AI is good at pattern-matching like “vibrate on collision”, but cannot judge how pleasant or immersive a haptic sensation is. Make sure a human reviews and corrects the output in Steps 1 and 2.

In particular:

  • Intensity (gain): AI assigns high/mid/low mechanically — adjust on real hardware each time
  • Frequency / cooldown: candidates that fire too often need a stronger cooldown
  • Target (device selection): choose arm / neck / all based on the scene context

”Blank” scenes still need some content

Section titled “”Blank” scenes still need some content”

It is difficult for AI to propose haptics from a completely empty scene. Step 1 works best when at least the following are present:

  • Physics objects (Rigidbody + Collider)
  • GameObjects with Animators
  • UI Buttons / Sliders, etc.
  • XR Interactors / XRI Interactables

The most efficient time to add Hapbeat is once the skeleton of the game (things that move and things you can touch) is in place.

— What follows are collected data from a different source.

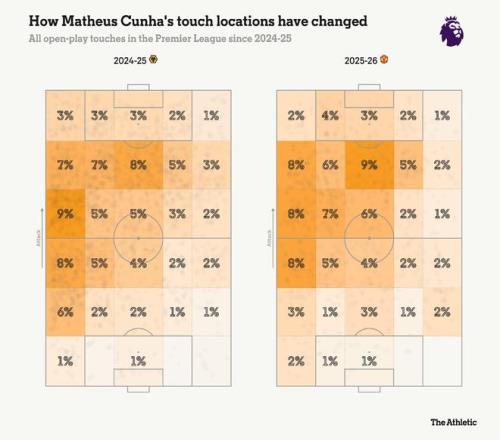 值得肯定的是,阿莫林和库尼亚在多场比赛中找到了新的方式,即便没有类似狼队时期拉森那样的中锋。在安菲尔德2-1的胜利证明了球队在无中锋体系下的可行性,库尼亚更多通过争抢长传后的第二落点,并在转换阶段参与进攻。曼联在比赛中偶尔会在对方禁区前出现一小段进攻空当,但库尼亚正在尝试绕开这一空间,而不是被限制其中。需要注意的是,本赛季多古和达洛特从库尼亚脚下接球时所处的位置靠前。曼联2025-26赛季的走势,在很大程度上将取决于翼卫在进攻三区的表现。
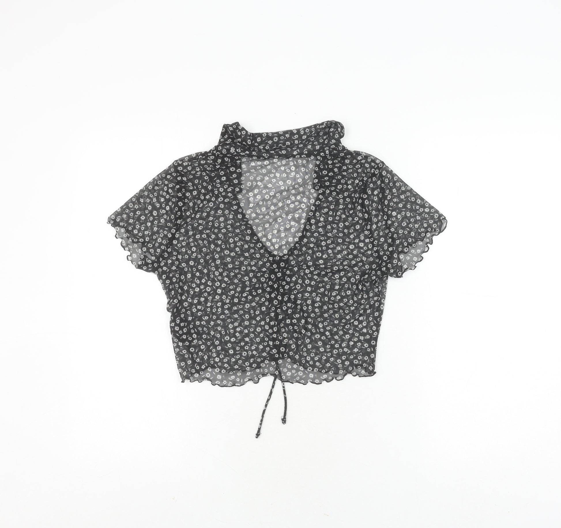 Elevate your spring and summer wardrobe with this charming Monki Women's Cropped Blouse in a sleek black floral pattern. Ideal for women who love a casual yet stylish look, this blouse is a versatile piece that can seamlessly transition from day to night. The short, flutter sleeves and V-neckline add a playful touch, making it a delightful choice for everyday wear or relaxed social gatherings. Crafted from a lightweight mesh fabric with a composition of 96% polyester and 4% elastane, this blouse offers a comfortable slim fit that hugs your silhouette perfectly. With its trendy cropped style and elegant tie closure, it's an effortless statement piece for fashion-forward individuals. Machine washable for easy garment care, this blouse ensures practicality without compromising on style. Whether paired with high-waisted jeans or a chic skirt, it promises to be a staple in your collection. Get ready to bask in compliments and enjoy the remarkable comfort of this exquisite Monki blouse—a must-have for those who favour timeless elegance blended with modern sensibility.
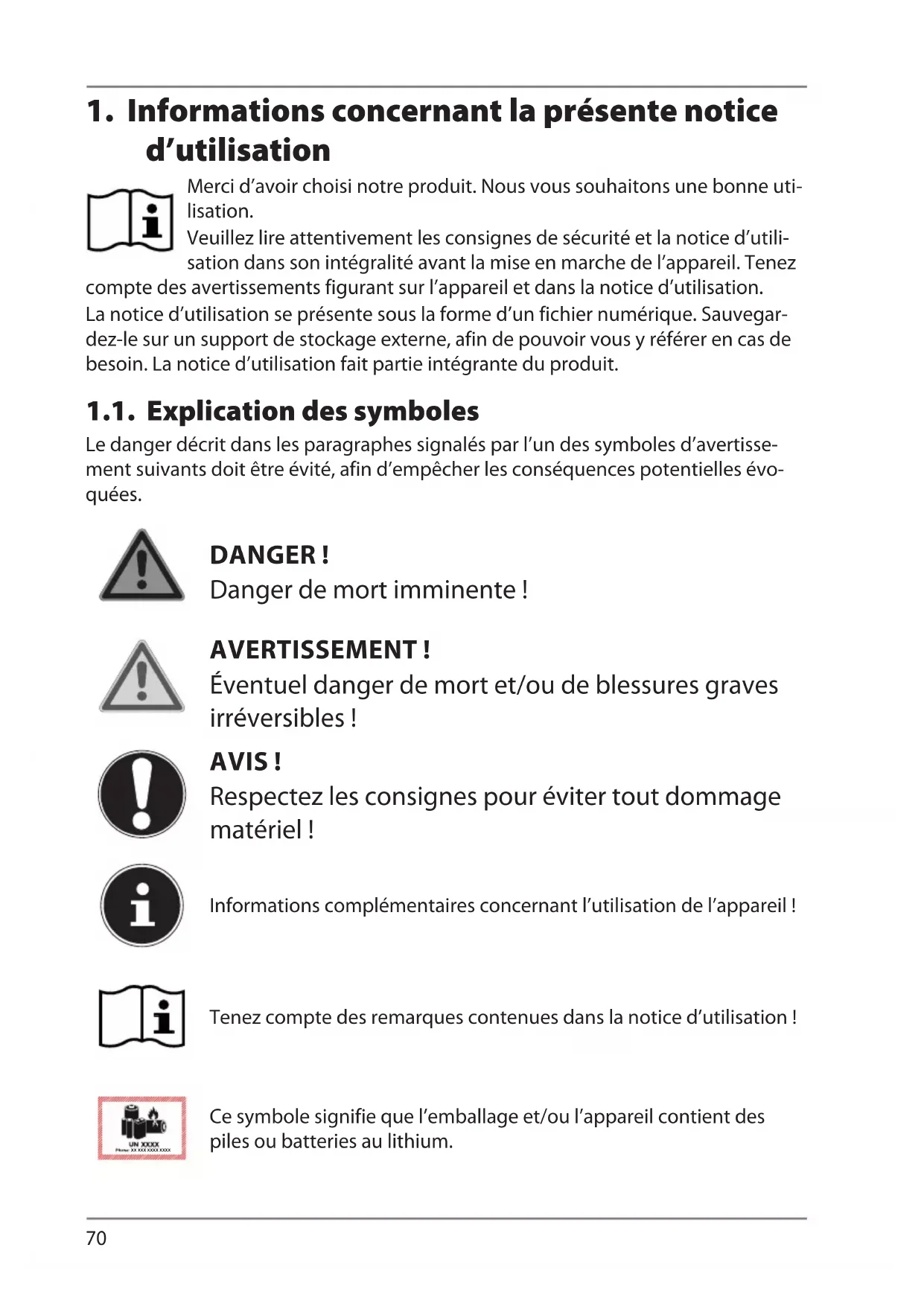 d’utilisation Merci d’avoir choisi notre produit. Nous vous souhaitons une bonne uti- lisation. Veuillez lire attentivement les consignes de sécurité et la notice d’utili- sation dans son intégralité avant la mise en marche de l’appareil. Tenez compte des avertissements figurant sur l’appareil et dans la notice d’utilisation. La notice d’utilisation se présente sous la forme d’un fichier numérique. Sauvegar- dez-le sur un support de stockage externe, afin de pouvoir vous y référer en cas de besoin. La notice d’utilisation fait partie intégrante du produit. 1.1. Explication des symboles Le danger décrit dans les paragraphes signalés par l’un des symboles d’avertisse- ment suivants doit être évité, afin d’empêcher les conséquences potentielles évo- quées. DANGER ! Danger de mort imminente ! AVERTISSEMENT ! Éventuel danger de mort et/ou de blessures graves irréversibles ! AVIS ! Respectez les consignes pour éviter tout dommage matériel ! Informations complémentaires concernant l’utilisation de l’appareil ! Tenez compte des remarques contenues dans la notice d’utilisation !
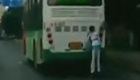 实拍小学生脚踩旱冰鞋手拉公交借力滑行
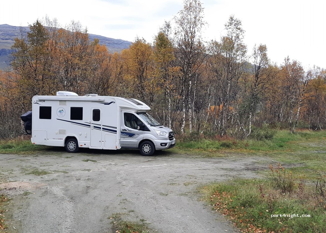 Wunderbarer Übernachtungsplatz, bei dem man auch länger bleiben kann. Zufahrt über Schotterstraße. Boden besteht größtenteils aus Gras & Schotter. Zufahrt für jedes Fahrzeug geeignet. Sehr abgeschotten, Blickdicht und durch den Bach hört man die Straße so gut wie nicht. Ideal für Hunde, meiner hat es geliebt sich hier frei zu bewegen. Es gibt einen Weg hinunter zum Bach, bei dem man wirklich schöne Fotos machen kann. Internetempfang war exzellent. Achtung: Zufahrt zum Platz ist etwa 300m vorher aus Richtung Narvik.

Include idempotency in the requirements for any Augmentor you have generated in Step 4. Explicitly asking the AI to “check with GetComponent<Trigger>() before AddComponent and skip if it already exists” is safer.

AI tends to omit Undo.AddComponent / Undo.RecordObject. State “reversible with a single Ctrl+Z” explicitly as a requirement. With that in place, mistakes can be safely rolled back.


Reference: prompts used during Hapbeat SDK development

Section titled “Reference: prompts used during Hapbeat SDK development”

The detailed instruction documents (test criteria / scene path tables / Undo requirements / environment checks) passed to Claude Code when implementing the Showcase / XriHandDemoAugment samples are located under instructions/later/ in the SDK repository:

Use these as a reference for how thoroughly to write a haptic augmentation Editor tool.